Thanks @jomtov for moving this issue from our support system!

I thought it might be helpful to give some background on the issue, list what might need to change when the DDI xml is made valid, and describe the errors.

As background for anyone else interested, the DDI xml that Dataverse generates for each dataset (and datafile) needs to follow DDI's schema, so that other repositories and applications using DDI xml can use it (e.g. during harvesting).

To answer jomtov's question, I think Dataverse's xml would need to be corrected. After fixing the errors and making sure the XML is valid, these are what I imagine will need to be adjusted:

  • the scripts used to pull Dataverse metadata into the DDI xml
  • possibly other applications that use parts of the DDI xml that Dataverse produces. (Scholars Portal's Data Explorer uses parts of the DDI (variable level metadata) that is valid)

There are five errors here, described in the dataverse_1062_philipsonErrorTypes.txt file in jomtov's post:

1. DDI schema doesn't like "DVN" as a value for source in <verStmt source="DVN">
Only "archive" and "producer" are allowed as values.

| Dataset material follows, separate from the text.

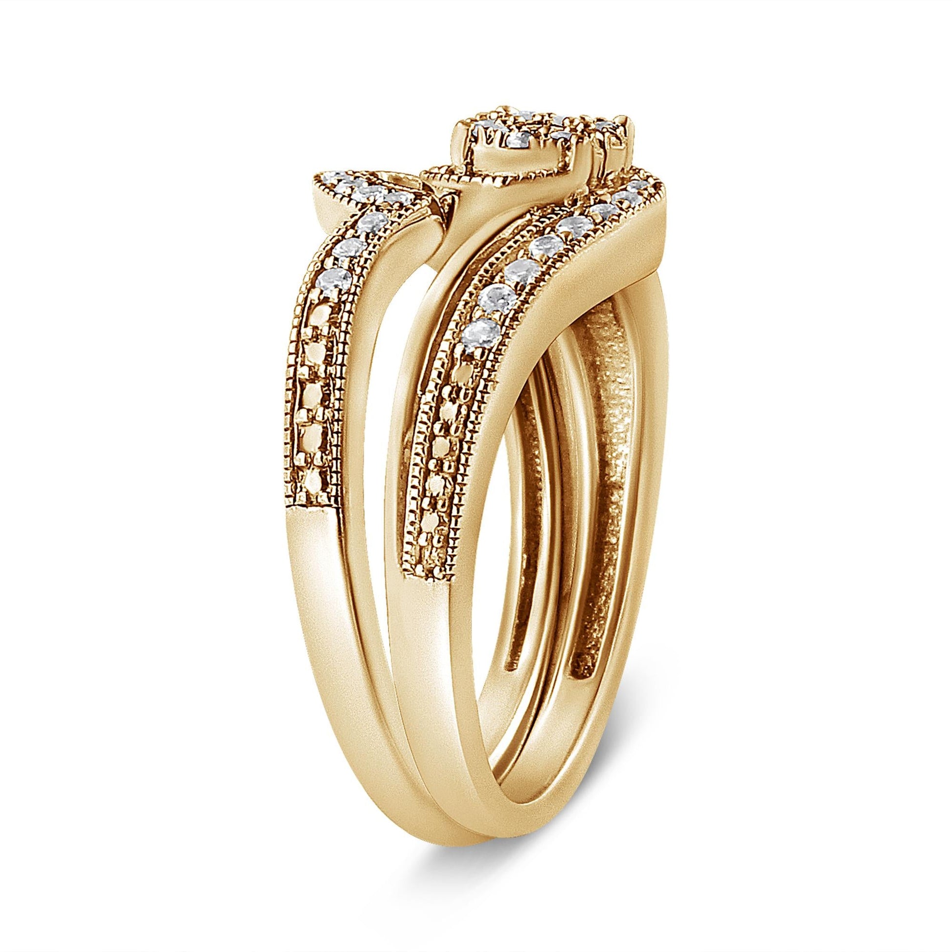 Introducing a timeless treasure, this vintage-style bridal set ring and band exudes elegance and sophistication. Crafted with 14K yellow gold plated .925 sterling silver, it showcases a dazzling array of 39 natural round diamonds. With a total weight of 1/3 cttw, these diamonds sparkle brilliantly, set in a prong setting to enhance their beauty. The bypass design adds a unique touch, symbolizing the intertwining of two souls. Perfect for engagements, this set is designed for women who appreciate classic beauty and want to make a statement. The I-J color of the diamonds adds a touch of warmth, while the I3 clarity ensures a mesmerizing shine. This exquisite set will capture hearts and create unforgettable moments.
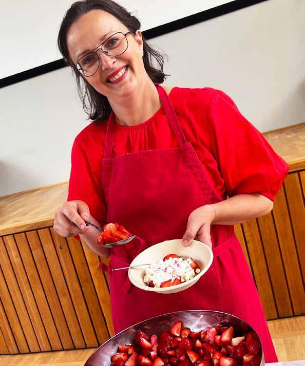 Dans, jordgubbar och gemenskap i S:t Andreas atriumgård.

2. DDI schema doesn't like the URI attribute being called "URI":

_Attribute 'URI' is not allowed to appear in element 'keyword'._

As jomtov points out, the keyword URI is called vocabURI in Dataverse. Unless there's a reason why it's called URI in the DDI XML, I think this is as easy as changing "URI" to "vocabURI", which is okay with the schema.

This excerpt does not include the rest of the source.